Кончики ее пальцев плавно и любопытно скользнули по светлому, вздрагивающему горлу, погладили ямку между ключиц, и от невинного движения Сяо бросило в жар прежде, чем он успел отвести глаза и для надежности отвернуться.

Это уже не помогало.

Ее кожа в ночной темноте казалась такой мягкой, белой и теплой, что уже не получалось не думать об этом. Хотелось увидеть больше.

Увидеть все.

Ощутить.

С мучительной чуткостью он слышал как одна за одной поддаются застежки, как с шорохом ложится на песок рубашка, и не мог уже отвергнуть и недостойные, нечистые мысли, и все отчетливее жаркой тяжестью наливающиеся в паху недостойные желания тела.

Воображение мучительно отчетливо дорисовало и очертания худощавых, тонких плеч, на которые спадают длинные каштановые хвостики, и острые холмики грудей, и выступающие косточки бедер… В человеческой наготе не было ничего неожиданного или необычного — за долгую жизнь Сяо случалось видеть и прежде, и это не было волнующим и интересным.

Сейчас же неподобающая, грязная похоть охватывала с каждым моментом сильнее, задвинув в сторону даже привычно хмурые мысли.

Сейчас все было совсем иным, и, больно кусая губы, он упрямо гнал от себя и мысли, и чувства, и унижающее самоуважение Адепта желания, и где-то в глубине себя знал — если сейчас позволить себе обернуться, светлая, манящая нагота Ху Тао уже навсегда останется где-то под веками.

В какой-то момент даже удалось побороть соблазн, выиграть эту битву так же как множество прежних, но внезапно Ху Тао громко вскрикнула. От воды раздался плеск, и инстинктивно стиснув в руках Нефритовый коршун, Сяо нашел ее тревожным взглядом.

Уже полностью нагишом, ругаясь во весь голос, Ху Тао пыталась отодрать свой носок, примерзший ко льду рядом с туманным цветом неподалеку. В один момент он коснулся ее тела, восхитительно живого, гибкого, теплого взглядом и уже не мог отвести глаз.

Зайдя, наконец, в воду по пояс, она поежилась, обхватила себя руками за покрывшиеся мурашками плечи.
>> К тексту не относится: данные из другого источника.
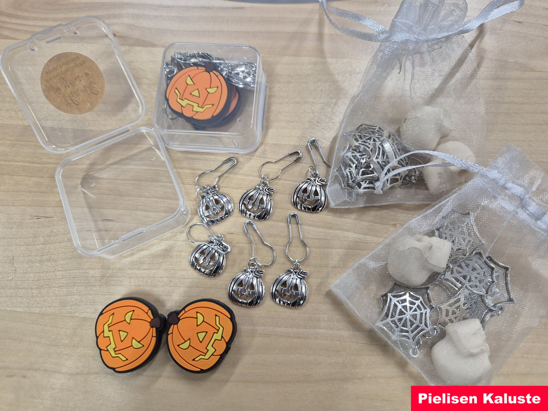 Ihana setti jossa 6 kpl silmukkamerkkejä sekä 2 kpl silikonisia puikkostoppareita.

Ему представилось вдруг с ослепительной яркостью — вместо ее узких, бледных ладоней свои ладони на ее коже, и еще сильней прежнего бросило в жар. В груди, в паху — по всему телу этот самый жар разливался тягучим растопленным медом.

С тихим смешком Ху Тао вновь медленно погладила себя по плечам, словно согревая. Коснулась ключиц, невесомо, одними ногтями поводила по покрытой мурашками коже, и кажется, задышала немного быстрее.

Или это уже сам Сяо дышал.

Вместо того чтоб просто нырнуть и закончить мучение, она что-то напевала себе под нос, то с любопытством, как будто делала это в первый раз, касалась пальцами живота, то обрисовывала изгиб талии к узким, худощавым бедрам. Набрав прозрачную воду в горсти, вылила ее на себя, намочив и разметавшиеся по плечами хвостики, и маленькие, острые груди.

Драгоценными камнями капли воды блестели на ее коже в лунном свете. Маленькие бледные соски стали твердыми, и Сяо едва не застонал, против воли представив как касается их губами, как ощущает горячий вкус ее тела на кончике языка.